In the midst of controversy surrounding the Vietnam War, he was challenged to heal the divisive wounds of a church in Springfield, Virginia.
In the mid-1970s, Hathaway became involved with a group of conservative evangelical clergy and lay leaders in the establishment of Trinity Episcopal School for Ministry in Ambridge, Pennsylvania.
During his time as Bishop of Pittsburgh, from 1983 to 1997, he preached, taught and challenged a commitment to evangelical renewal of the congregations and a dedication by the diocese to the priority of new church planting.

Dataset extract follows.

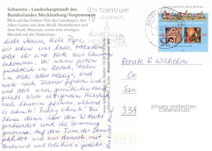 72711689 alte Postkarte Schwerin Mecklenburg Schloss Alter Garten Staatstheater Museum Marstall Wagewiese Schweriner See Fliegeraufnahme postalisch gelaufen Erhaltung siehe scans [FriedD77] KatCode: 11110013004000
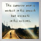 D'autres traductions des mots de Confucius sont : Un bon homme ne donne pas d'ordres, mais conduit par l'exemple. L'homme supérieur agit avant qu'il ne parle, et ensuite il parle selon ses actions. Le grand homme ne se vante pas de lui-même, mais fait ce qu'il doit faire. Confucius (551 av. J.-C. - 479 av. J.-C) était un philosophe social chinois.

He encouraged the broad vision of a world embracing faith in ecumenical fellowship with other Christian bodies and vigorous working relationships with churches in lands beyond U.S. shores.

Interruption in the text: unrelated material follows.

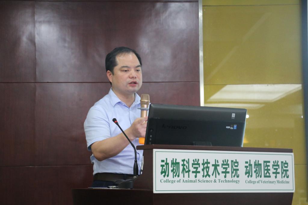 陈焕春为本次交流会致辞。他表示,当今国家亟需科技创新,重点在于人才培养与建设。对于胸怀大志的青年教师们,既是机遇也是挑战。在凝炼自身学术研究方向的同时,需要从国家重大需求出发,将基础研究转化为行业应用,力争解决生产实际问题。他希望,各位老师能够谨记坚持科研初心,抓准紧握学科重点,充分利用多方资源,积极开展合作交流,脚踏实地投身科研,努力建成养殖强国,为实现中华民族伟大复兴做出更大的贡献。

He always remained an orthodox Anglican, upholding the sanctity of human life, from conception to death, and rejecting homosexual relationships as unnatural.
[2] In 1997, Hathaway founded Solar Light for Africa, Ltd. (SLA) and helped spawn a program that has provided electricity for over 2400 rural facilities in eight sub-Saharan countries.
He was a member of Communion Partners, an Episcopalian group which opposed the 77th General Episcopal Convention's decision to authorize the blessing of same-sex marriages in 2012.